Background: Alzheimer's disease (AD) is a debilitating disorder involving the loss of plasticity and cholinergic neurons in the cortex. Pharmaceutical treatments are limited in their efficacy, but brain stimulation is emerging as a treatment for diseases of cognition. More research is needed to determine the biochemical mechanisms and treatment efficacy of this technique.
Objective: We aimed to determine if forebrain repetitive transcranial magnetic stimulation can improve cortical BDNF gene expression and cholinergic signaling in the 3xTgAD mouse model of AD.
Methods: Both B6 wild type mice and 3xTgAD mice aged 12 months were given daily treatment sessions for 14 days or twice weekly for 6 weeks. Following treatment, brain tissue was extracted for immunological stains for plaque load, as well as biochemical analysis for BDNF gene expression and cholinergic signaling via acetylcholinesterase and choline acetyltransferase ELISA assays.
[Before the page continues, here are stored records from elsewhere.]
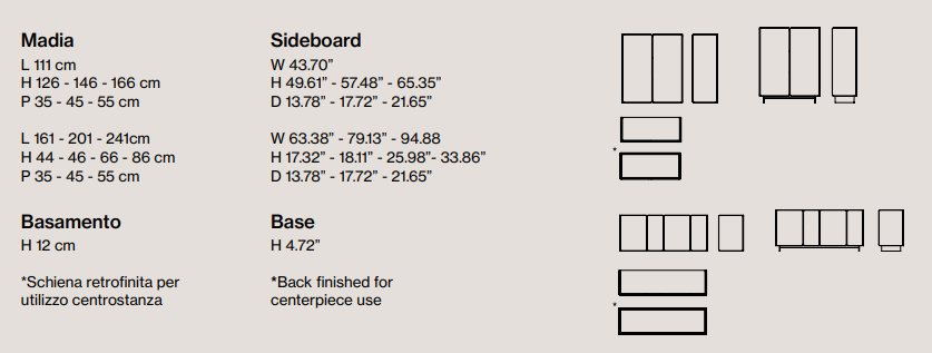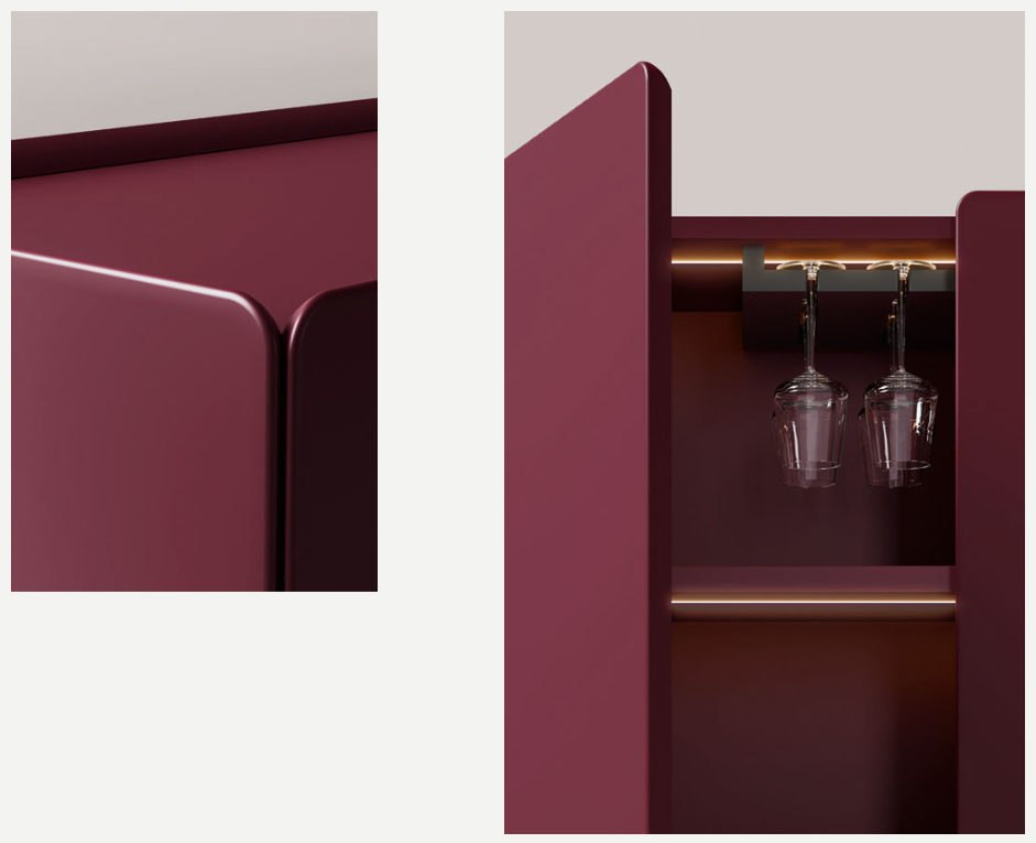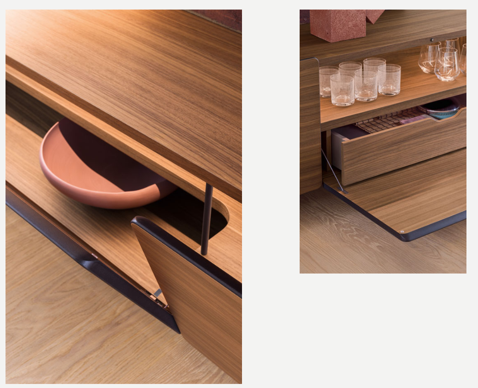Он получил свое название от одноименного семейства журнальных столиков и вдохновлен итальянским дизайном 1950-х годов и теми же изогнутыми деталями в своем силуэте. Ярко выраженная передняя дверца возвышается над корпусом серванта, плавно скругляя углы, благодаря открытому коническому и округлому внутреннему профилю. Существует множество размеров и вариантов интерьера, таких как выдвижные ящики, подставки для бокалов и бутылок, а также внутреннее освещение. Существует широкий выбор индивидуальных вариантов отделки и покрытий.
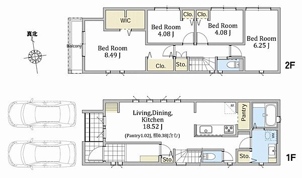 並列2台駐車可能。ウォークインクローゼット付。ZEH水準の省エネ住宅です。
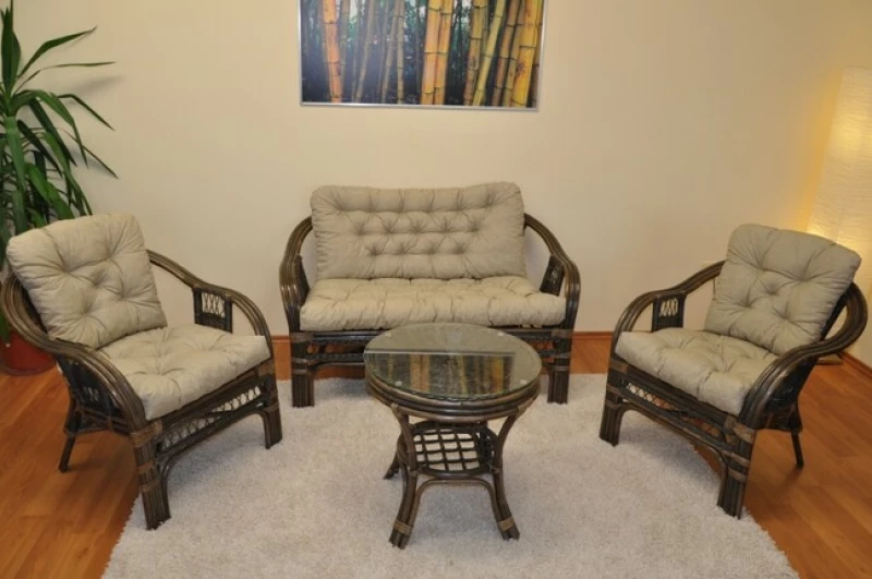 Ratanová sedací souprava Rio de Janeiro patří mezi klasiku z přírodního ratanu, která vyniká vysokou pevností, kvalitním zpracováním a nadčasovým designem. Konstrukce je vyrobena z masivních ratanových tyčí, přičemž hlavní nosné části jsou vedeny v trojitém provedení, což výrazně zvyšuje stabilitu i životnost nábytku.
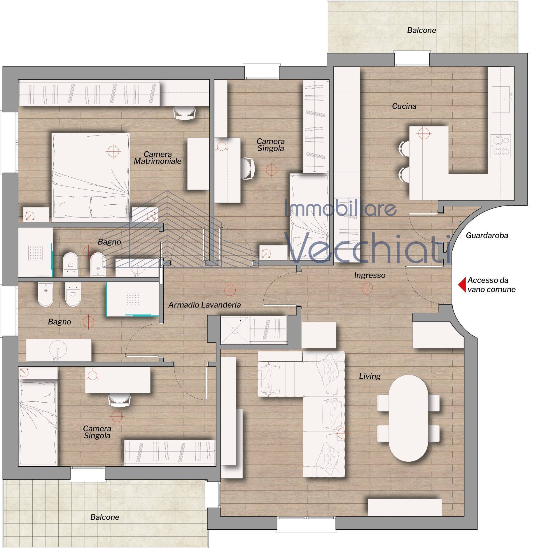 L'Appartamento è composto da ingresso, soggiorno grande con terrazzo, ripostiglio, cucina abitabile con terrazzo, 3 camere di cui un con bagno privato, bagno grande, nel disimpegno attacchi per la lavatrice.

Results: For the 3xTgAD mice, both 14 days and 6 weeks treatment regimens resulted in an increase in BDNF gene expression relative to sham treatment, with a larger increase in the 6-week group. Acetylcholinesterase activity also increased for both treatments in 3xTgAD mice. The B6 mice only had an increase in BDNF gene expression for the 6-week group.
Conclusion: Brain stimulation is a possible non-invasive and nonpharmaceutical treatment option for AD as it improves both plasticity markers and cholinergic signaling in an AD mouse model.
Keywords: Acetylcholinesterase; brain-derived neurotrophic factor; cortex; mouse; transcranial magnetic stimulation.